Linden Anni-Maija, Aller M Isabel, Leppä Elli, Rosenberg Per H, Wisden William, Korpi Esa R
Institute of Biomedicine, Pharmacology, University of Helsinki, POB 63 (Haartmaninkatu 8), 00014 University of Helsinki, Finland.
J Pharmacol Exp Ther. 2008 Oct;327(1):277-86. doi: 10.1124/jpet.108.142083. Epub 2008 Jul 25.
TASK two-pore-domain leak K(+) channels occur throughout the brain. However, TASK-1 and TASK-3 knockout (KO) mice have few neurological impairments and only mildly reduced sensitivities to inhalational anesthetics, contrasting with the anticipated functions and importance of these channels. TASK-1/-3 channel expression can compensate for the absence of GABA(A) receptors in GABA(A) alpha6 KO mice. To investigate the converse, we analyzed the behavior of TASK-1 and -3 KO mice after administering drugs with preferential efficacies at GABA(A) receptor subtypes: benzodiazepines (diazepam and flurazepam, active at alpha1betagamma2, alpha2betagamma2, alpha3betagamma2, and alpha5betagamma2 subtypes), zolpidem (alpha1betagamma2 subtype), propofol (beta2-3-containing receptors), gaboxadol (alpha4betadelta and alpha6betadelta subtypes), pregnanolone, and pentobarbital (many subtypes). TASK-1 KO mice showed increased motor impairment in rotarod and beam-walking tests after diazepam and flurazepam administration but not after zolpidem. They also showed prolonged loss of righting reflex induced by propofol and pentobarbital. Autoradiography indicated no change in GABA(A) receptor ligand binding levels. These altered behavioral responses to GABAergic drugs suggest functional up-regulation of alpha2beta2/3gamma2 and alpha3beta2/3gamma2 receptor subtypes in TASK-1 KO mice. In addition, female, but not male, TASK-1 KO mice were more sensitive to gaboxadol, suggesting an increased influence of alpha4betadelta or alpha6betadelta subtypes. The benzodiazepine sensitivity of TASK-3 KO mice was marginally increased. Our results underline that TASK-1 channels perform such key functions in the brain that compensation is needed for their absence. Furthermore, because inhalation anesthetics act partially through GABA(A) receptors, the up-regulation of GABA(A) receptor function in TASK-1 KO mice might mask TASK-1 channel's significance as a target for inhalation anesthetics.
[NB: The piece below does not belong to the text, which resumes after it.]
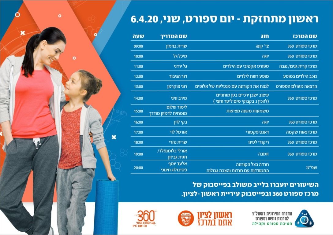 עיריית ראשון לציון בשיתוף מרכזי הקהילה של החברה העירונית יקיימו היום (שני 6.4) יום ספורט עירוני מיוחד שיועבר בלייב בפייסבוק של מרכז הספורט 360 ובפייסבוק של עיריית ראשון לציון. במהלך היום יוכלו התושבים ליהנות מאימוני כושר של יוגה, זומבה, ריקוד לטינו ועוד.

双孔结构域渗漏钾离子通道遍布整个大脑。然而,TASK-1和TASK-3基因敲除(KO)小鼠几乎没有神经功能障碍,对吸入性麻醉剂的敏感性仅略有降低,这与这些通道预期的功能和重要性形成对比。TASK-1/-3通道的表达可以补偿GABA(A)α6基因敲除小鼠中GABA(A)受体的缺失。为了研究相反的情况,我们分析了给TASK-1和-3基因敲除小鼠施用对GABA(A)受体亚型具有优先效力的药物后的行为:苯二氮䓬类药物(地西泮和氟西泮,对α1βγ2、α2βγ2、α3βγ2和α5βγ2亚型有活性)、唑吡坦(α1βγ2亚型)、丙泊酚(含β2-3的受体)、加波沙朵(α4βδ和α6βδ亚型)、孕烷醇酮和戊巴比妥(多种亚型)。地西泮和氟西泮给药后,TASK-1基因敲除小鼠在转棒试验和走杆试验中表现出运动障碍增加,但唑吡坦给药后没有。它们还表现出丙泊酚和戊巴比妥诱导的翻正反射丧失时间延长。放射自显影显示GABA(A)受体配体结合水平没有变化。这些对GABA能药物改变的行为反应表明TASK-1基因敲除小鼠中α2β2/3γ2和α3β2/3γ2受体亚型的功能上调。此外,雌性而非雄性TASK-1基因敲除小鼠对加波沙朵更敏感,表明α4βδ或α6βδ亚型的影响增加。TASK-3基因敲除小鼠对苯二氮䓬类药物的敏感性略有增加。我们的结果强调,TASK-1通道在大脑中发挥着如此关键的功能,以至于它们的缺失需要进行补偿。此外,由于吸入性麻醉剂部分通过GABA(A)受体起作用,TASK-1基因敲除小鼠中GABA(A)受体功能的上调可能掩盖了TASK-1通道作为吸入性麻醉剂靶点的重要性。